Here, the deprivation complaint alleged that J.F. was deprived because the “child tested positive twice for Chlamydia (STD), [and] mom is non-supportive with forensic evaluations making appointments.” At the hearing, DFACS requested that deprivation complaint be dismissed and indicated that they would continue to “provide ongoing services to the family.” It presented evidence that the mother and step-father had tested negative for chlamydia, and that J.F. and the other children had been recently tested, and DFACS was awaiting results. DFACS also said that contrary to the information in the complaint, the mother was cooperating, and had scheduled a forensic interview for J.F. for later in the week. A medical forensics evaluation revealed that J.F. had not been exposed to chlamydia through penetration, and there was no evidence of vaginal trauma, although there was no explanation for the second positive test. The case manager testified that DFACS did not believe that J.F. was in any immediate danger or harm within the home, and would continue with followup for the mother, including counseling and parent aide. At the time of the hearing, the only people living in the home with J.F. were her mother, step-father, and three other children, and there was no evidence of interactions with anyone currently in the home that might have caused her harm.

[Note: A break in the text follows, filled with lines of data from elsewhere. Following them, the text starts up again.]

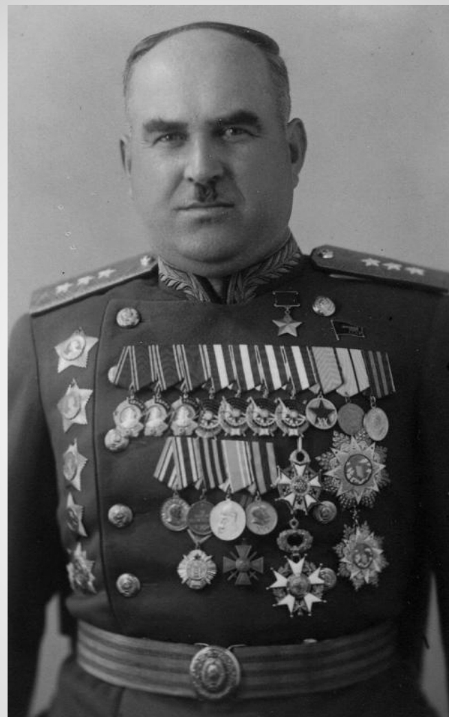
Людников Иван Ильич, генерал-полковник, командующий 39-й Армией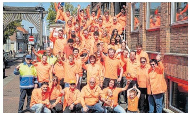
De groep vrijwilligers van het Oranjecomité Aalsmeer in 2025.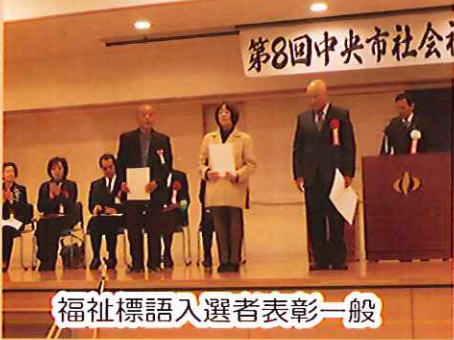
福祉標語入選者表彰一般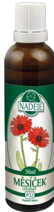
Obr. 22: Měsíček lékařský – tinktura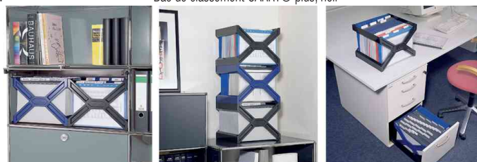
Bac de classement CARRY® plus, exemples d'utilisation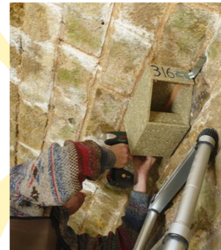
Installation d'un nichoir à bergeronnettes.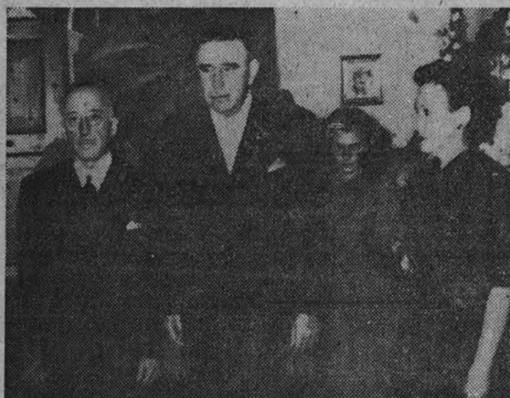
El Presidente Ulate en la Legación española en San José de Costa Rica, durante la recepción ofrecida por el ministro señor Cavanillas.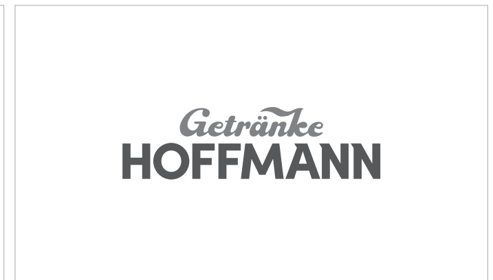
Graustufen-Logo, bestehend aus 60% und 80% Schwarz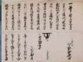
「쓰시마번 11대 번주 소 이사부로 (宗猪三郎) 가 나가사키 부교 구제 히로타미 (久世広民) 앞으로 보낸 문서」 (당관 소장)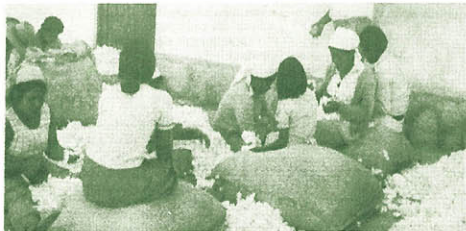
El algodón, uno de los productos que se podrá negociar en la Bolsa.

En los folletos que está difundiendo la Bolsa de Productos de Lima, señala, que también prestará servicios de apoyo al desarrollo de asociaciones entre productores, comerciantes e industriales. Los algodoneros, maticeros, arroceros o cafetaleros interesados pueden solicitar mayor información en el local de la Bolsa, Jirón Junín 270, Lima.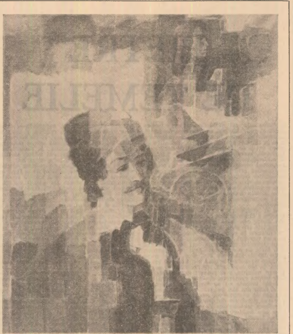
„Avram Iancu” — Tablou de Eftimie Modică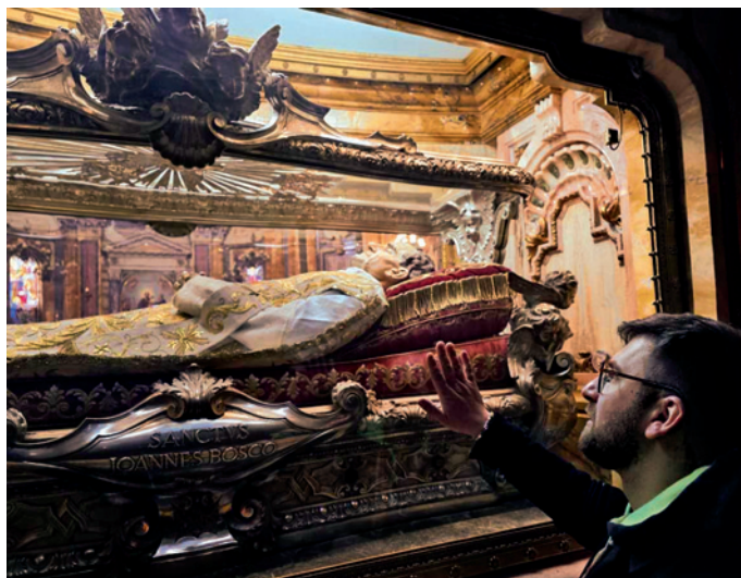
Urna don Bosco

In questi giorni di bellissima esperienza non solo ho potuto respirare l'unicità di una Chiesa che cerca di esprimersi nel mondo alla luce del Vangelo ma ho potuto percepire come la spiritualità di don Bosco possa rendere ancor più possibile, palpabile l'Evangelo di Cristo in tutti gli ambiti della vita pastorale. Da qui il mio impegno concreto, quale operatore salesiano, di non far morire il sogno di don Bosco a Valdocco. Valdocco deve piuttosto diventare il mio punto di partenza dove Vangelo e missione si incontrano in un preludio di amore verso tutti i fratelli che incontriamo nel nostro cammino. Da questa esperienza, dunque, la certezza di dover continuare a sognare come don Bosco ha sognato e desiderato, atti-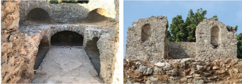
Levha 9: Anemurium A I 6 Nolu Mezar; II Nolu Mekan İçi, Kuzey Dış Cephe ve Nişler.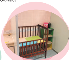
▲トイレにはオムツ交換用のベビーベッドが設置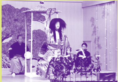
「枕草堂」友枝昭世所演

仙台市制百周年の1989年から9年間続いた「仙台 薪能」を引き継ぎ、能のシテ方に喜多流をむかえ た本格的な公演。人間国宝の友枝昭世と野村万 作が出演します。演目: 喜多流能「枕草堂」、和泉 流狂言「栗焼」、喜多流能「高砂」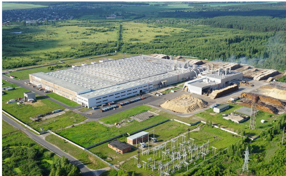
Завод EGGER в г. Шуя

Based on the evidence, the juvenile court acted within its discretion in finding that there were no reasonable grounds to find that J.F. was deprived per the allegations in the complaint, and thus, in dismissing the deprivation complaint.

Judgment affirmed.


1.  When a court appoints a guardian ad litem to represent a minor, the minor is in effect made a party to the action and has standing through the guardian ad litem to appeal. See In the Interest of M. B.B., 241 Ga.App. 249, 250(1)(a) (526 S.E.2d 76) (1999) (although she elected not to do so, guardian ad litem had authority to bring appeal on behalf of child); Miller v. Rieser, 213 Ga.App. 683, 690 (446 S.E.2d 233) (1994).

2.  “The purposes of the detention hearing are to determine whether a child who has been taken into custody shall be released or detained pending further court proceedings, and if reasonable grounds exists to believe that the allegations in the complaint or petition are true.” U.J.C.R. 8.1.

3.  Although these cases deal primarily with delinquency transfer, they are analogous in that a similar standard of proof—reasonable grounds—is applied.

BARNES, Presiding Judge.

ADAMS, J., concurs. BLACKWELL, J., concurs in Division 1 and in the judgment.